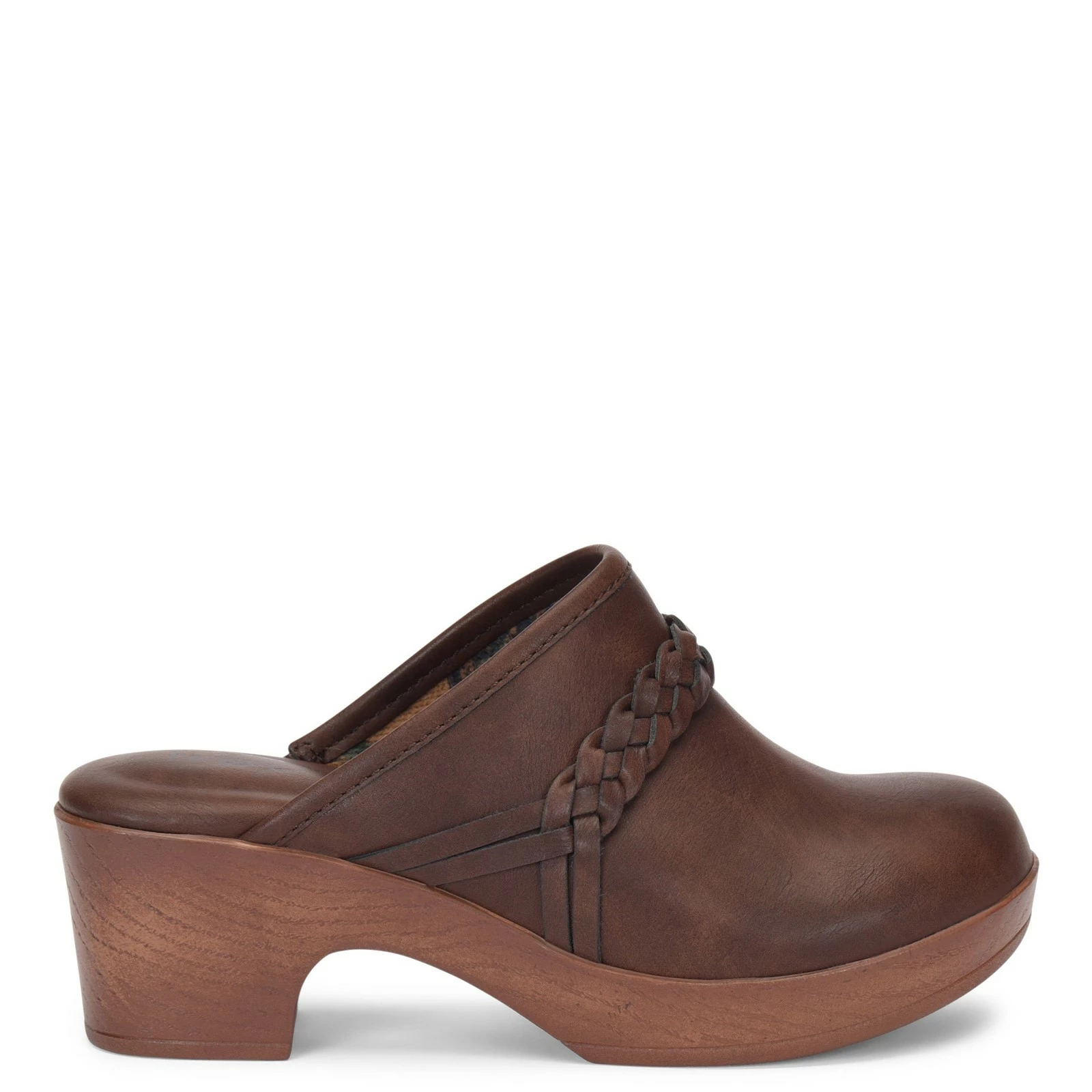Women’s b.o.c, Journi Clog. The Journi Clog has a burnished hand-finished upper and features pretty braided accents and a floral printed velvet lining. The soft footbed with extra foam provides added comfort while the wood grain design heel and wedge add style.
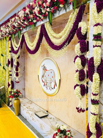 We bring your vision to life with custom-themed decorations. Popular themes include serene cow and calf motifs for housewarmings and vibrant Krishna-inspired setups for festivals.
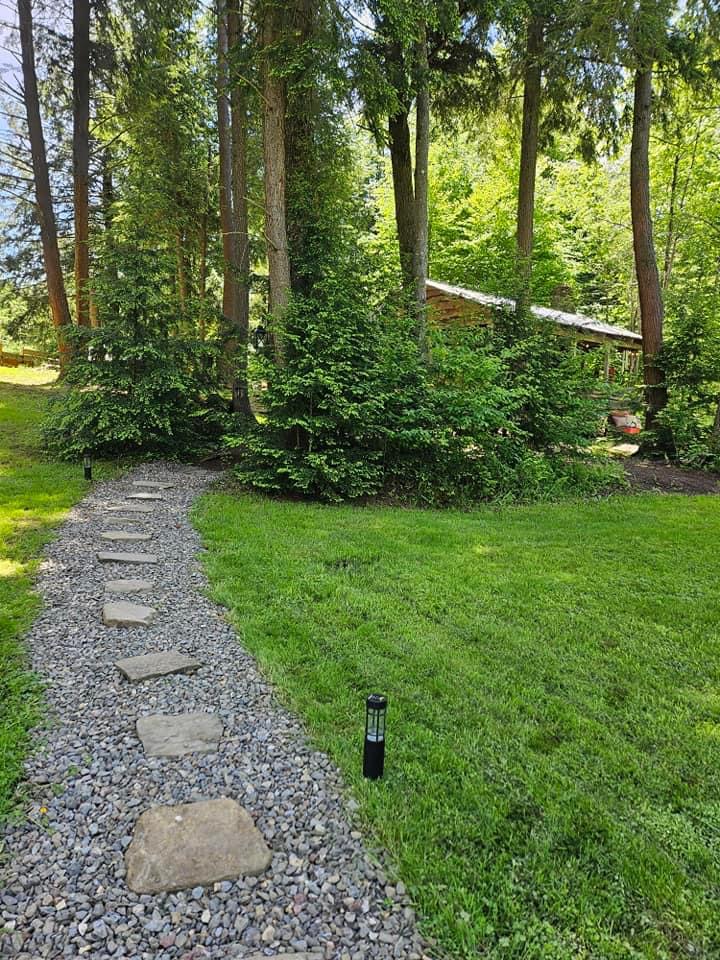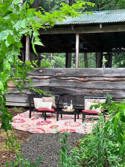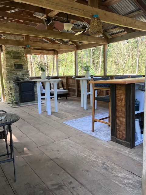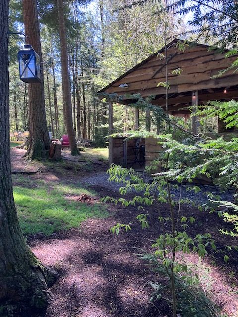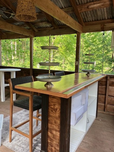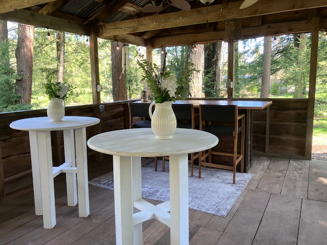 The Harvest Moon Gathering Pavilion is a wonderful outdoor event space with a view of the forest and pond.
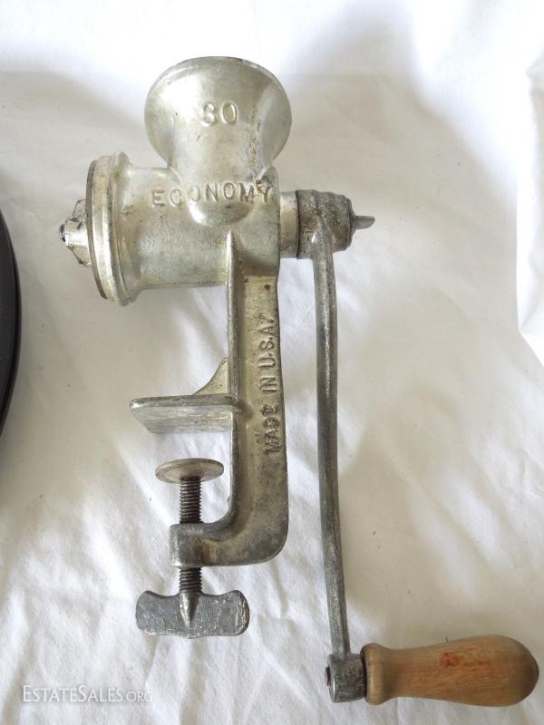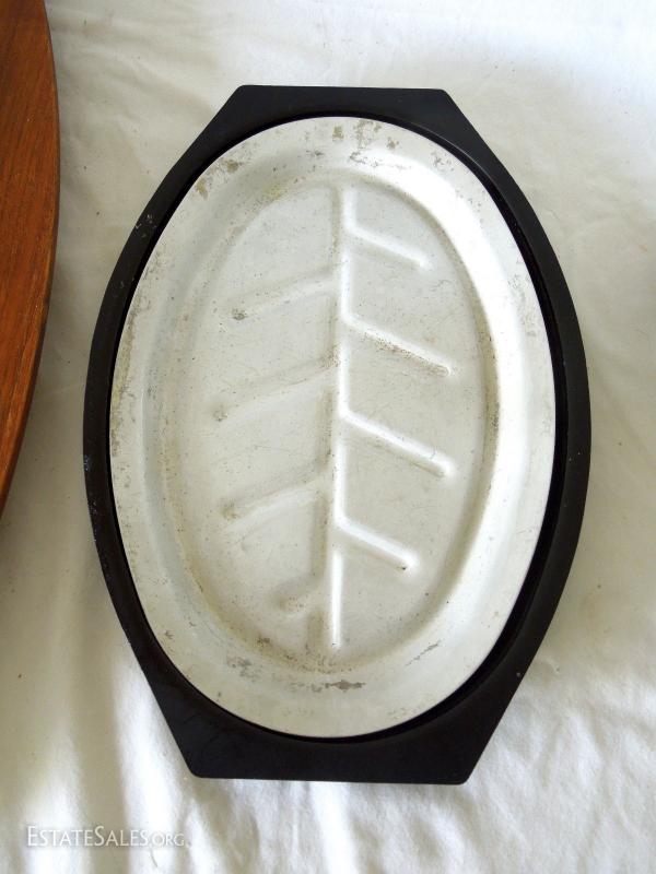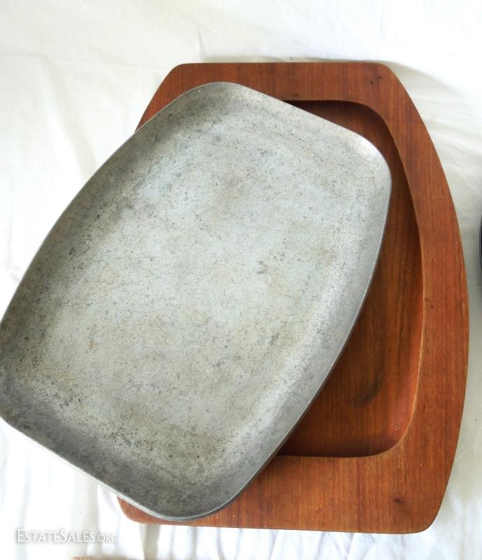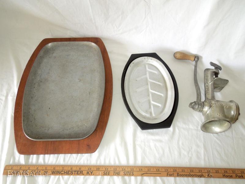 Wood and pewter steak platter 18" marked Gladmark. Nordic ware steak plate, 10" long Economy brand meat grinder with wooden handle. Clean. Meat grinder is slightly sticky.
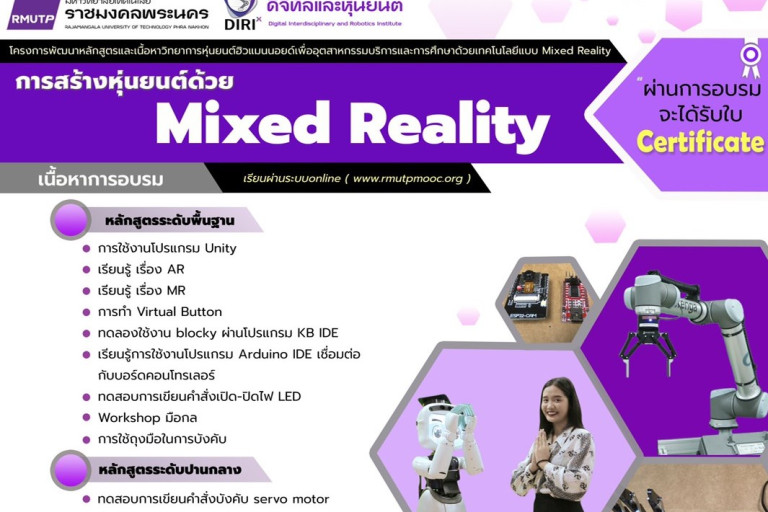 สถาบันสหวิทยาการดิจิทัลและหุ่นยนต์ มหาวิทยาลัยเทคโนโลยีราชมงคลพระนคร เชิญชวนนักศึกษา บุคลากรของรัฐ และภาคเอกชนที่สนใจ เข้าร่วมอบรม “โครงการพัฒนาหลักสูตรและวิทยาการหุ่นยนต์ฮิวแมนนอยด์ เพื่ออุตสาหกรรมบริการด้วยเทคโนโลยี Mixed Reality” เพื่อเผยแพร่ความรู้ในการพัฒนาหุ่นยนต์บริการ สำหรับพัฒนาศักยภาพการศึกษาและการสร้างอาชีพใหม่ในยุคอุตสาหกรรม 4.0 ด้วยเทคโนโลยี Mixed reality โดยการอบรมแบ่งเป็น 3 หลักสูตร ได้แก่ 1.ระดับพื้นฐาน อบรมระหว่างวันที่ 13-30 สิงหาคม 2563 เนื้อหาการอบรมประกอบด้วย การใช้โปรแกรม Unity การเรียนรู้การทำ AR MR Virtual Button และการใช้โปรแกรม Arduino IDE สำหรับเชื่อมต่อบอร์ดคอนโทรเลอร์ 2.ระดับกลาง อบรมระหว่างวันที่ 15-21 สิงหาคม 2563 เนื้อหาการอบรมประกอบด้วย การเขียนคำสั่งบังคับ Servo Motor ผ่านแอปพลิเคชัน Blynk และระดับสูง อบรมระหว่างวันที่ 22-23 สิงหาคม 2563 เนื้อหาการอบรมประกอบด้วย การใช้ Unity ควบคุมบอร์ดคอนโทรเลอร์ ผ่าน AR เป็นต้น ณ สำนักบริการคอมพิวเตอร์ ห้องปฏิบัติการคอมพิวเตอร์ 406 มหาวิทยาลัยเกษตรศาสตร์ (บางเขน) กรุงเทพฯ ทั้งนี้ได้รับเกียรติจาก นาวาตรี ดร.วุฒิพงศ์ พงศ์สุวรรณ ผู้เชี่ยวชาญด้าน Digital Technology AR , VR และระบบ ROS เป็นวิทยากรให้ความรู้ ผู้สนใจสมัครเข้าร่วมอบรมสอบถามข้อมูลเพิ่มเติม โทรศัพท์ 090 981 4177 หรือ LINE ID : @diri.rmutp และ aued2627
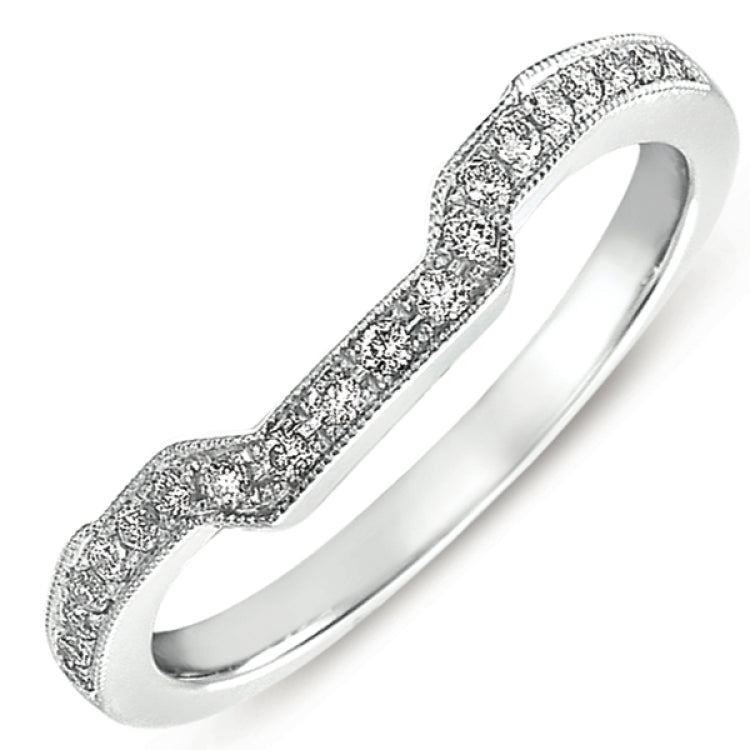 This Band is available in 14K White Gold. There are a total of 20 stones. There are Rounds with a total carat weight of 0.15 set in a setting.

◆ WHAT YOU HAVE TO DO ◆
A word-for-word restatement of all the lines above is needed, with the pictures omitted.

◆ YOUR SOLUTION ◆
Women’s b.o.c, Journi Clog. The Journi Clog has a burnished hand-finished upper and features pretty braided accents and a floral printed velvet lining. The soft footbed with extra foam provides added comfort while the wood grain design heel and wedge add style.
 We bring your vision to life with custom-themed decorations. Popular themes include serene cow and calf motifs for housewarmings and vibrant Krishna-inspired setups for festivals.
 The Harvest Moon Gathering Pavilion is a wonderful outdoor event space with a view of the forest and pond.
 Wood and pewter steak platter 18" marked Gladmark. Nordic ware steak plate, 10" long Economy brand meat grinder with wooden handle. Clean. Meat grinder is slightly sticky.
 สถาบันสหวิทยาการดิจิทัลและหุ่นยนต์ มหาวิทยาลัยเทคโนโลยีราชมงคลพระนคร เชิญชวนนักศึกษา บุคลากรของรัฐ และภาคเอกชนที่สนใจ เข้าร่วมอบรม “โครงการพัฒนาหลักสูตรและวิทยาการหุ่นยนต์ฮิวแมนนอยด์ เพื่ออุตสาหกรรมบริการด้วยเทคโนโลยี Mixed Reality” เพื่อเผยแพร่ความรู้ในการพัฒนาหุ่นยนต์บริการ สำหรับพัฒนาศักยภาพการศึกษาและการสร้างอาชีพใหม่ในยุคอุตสาหกรรม 4.0 ด้วยเทคโนโลยี Mixed reality โดยการอบรมแบ่งเป็น 3 หลักสูตร ได้แก่ 1.ระดับพื้นฐาน อบรมระหว่างวันที่ 13-30 สิงหาคม 2563 เนื้อหาการอบรมประกอบด้วย การใช้โปรแกรม Unity การเรียนรู้การทำ AR MR Virtual Button และการใช้โปรแกรม Arduino IDE สำหรับเชื่อมต่อบอร์ดคอนโทรเลอร์ 2.ระดับกลาง อบรมระหว่างวันที่ 15-21 สิงหาคม 2563 เนื้อหาการอบรมประกอบด้วย การเขียนคำสั่งบังคับ Servo Motor ผ่านแอปพลิเคชัน Blynk และระดับสูง อบรมระหว่างวันที่ 22-23 สิงหาคม 2563 เนื้อหาการอบรมประกอบด้วย การใช้ Unity ควบคุมบอร์ดคอนโทรเลอร์ ผ่าน AR เป็นต้น ณ สำนักบริการคอมพิวเตอร์ ห้องปฏิบัติการคอมพิวเตอร์ 406 มหาวิทยาลัยเกษตรศาสตร์ (บางเขน) กรุงเทพฯ ทั้งนี้ได้รับเกียรติจาก นาวาตรี ดร.วุฒิพงศ์ พงศ์สุวรรณ ผู้เชี่ยวชาญด้าน Digital Technology AR , VR และระบบ ROS เป็นวิทยากรให้ความรู้ ผู้สนใจสมัครเข้าร่วมอบรมสอบถามข้อมูลเพิ่มเติม โทรศัพท์ 090 981 4177 หรือ LINE ID : @diri.rmutp และ aued2627
 This Band is available in 14K White Gold. There are a total of 20 stones. There are Rounds with a total carat weight of 0.15 set in a setting.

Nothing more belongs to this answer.